You can mark a resource as translatable manually on the Resource screen or using a prefix in Advanced Settings.
All collected resources are listed in Discovery > Resources and Content > Resources. All “pages” and files that are not of the
text/html content type will go here.
What sets resources apart from pages is that by default, they have no associated source entries or translations. Marking a resource as translatable means declaring that it does have translatable text that can be stored as source entries (and accessed via the Workbench).
So, to mark a resource as translatable:
Switch to List View
- switch from thumbnail view to list view
- click on the “Translate” button in the hover menu of a resource
The resource is moved to the page list and from that point onward, it can be opened on the Workbench. Note, however, that we have not yet told the proxy what and how to translate in it.
You can do the marking via prefixes. Go to Advanced settings to find the “Mark Multiple Resources as Translatable” text field. Copy & paste the prefixes of your choice and click on Save to apply your changes.
Mark Multiple Resources
Note that in the screenshot above, HTTP and HTTPS prefixes are handled separately, a recommended practice for sites that support both kinds of traffic.
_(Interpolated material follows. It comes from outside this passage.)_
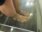 あー、顔が真っ白。おでんの汁も飛び散っています・・・。皆様、大笑い。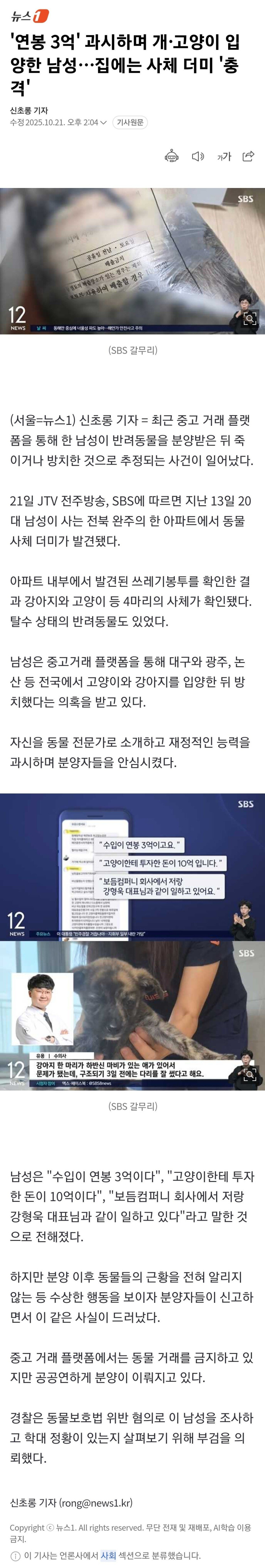 '연봉 3억' 과시하며 개·고양이 입양한 남성…집에는 사체 더미 '충격'

Prefixes are treated as simple strings by the proxy when matching them against a pathname. You are free to add as many of them as you like.
This feature is made available because cherry-picking resources for translation is not always feasible. For instance, versioned URLs are liable to create new resources on a project whenever a file is updated on the original site (the proxy keeps these URLs separate by default), but the new resources are not marked automatically.
You will recognize those cases where you want to apply the exact same translation rules and process to a set of URLs that differ in minimal ways. A resource prefix will let you do this without having to mark things one-by-one as they come.
Picking up JSON/JS/XML content wholesale would be both costly and unwieldy. When you have successfully identified the source of content and earmarked it for translation, the last major task is to annotate those parts of it that really want to translate. JS/JSON paths and Xpaths can be used for this purpose.
Xpaths for XML AJAX responses in a similar way as JS/JSON paths do for their respective content types. For example,
assumes that the first
<component> node contains translatable HTML markup.
Due to space constraints, we decline to reproduce a full Xpath tutorial in this documentation, and direct the reader’s attention to the many tutorial resources available online. The W3Schools summary of Xpath syntax serves as a good starting point.
A simple content extraction crawl takes care of JS content in the source of an HTML document. But in many cases, such content is requested as part of a page load or via user action. The same limitation still applies, however: the page is not available to the crawler in a way that would allow for such “interactive” requests to start.
The solution is to extract content via Preview. Open the page in Preview mode and go through the required user actions to trigger all necessary events. The proxy will take care of extracting content from the affected dynamic responses (provided that your setup is correct).
Note the influence of TM Freeze on this approach: you need to disable it temporarily for Preview-based content extraction to work.
String Concatenation & Computed Values¶
JS translation cannot be used with values such as
var string = "You have " + getCartItems().length + " items in your basked"). In these cases, you either have to forego translation or change the content so that no computed expression is present among the concatenated elements.
This implies that those instances of string concatenation where no token of the expression is computable are supported. This is indeed so, and provided that the appropriate tweak is enabled in Advanced settings, the proxy can perform string concatenation upfront and handle the resulting string as a whole.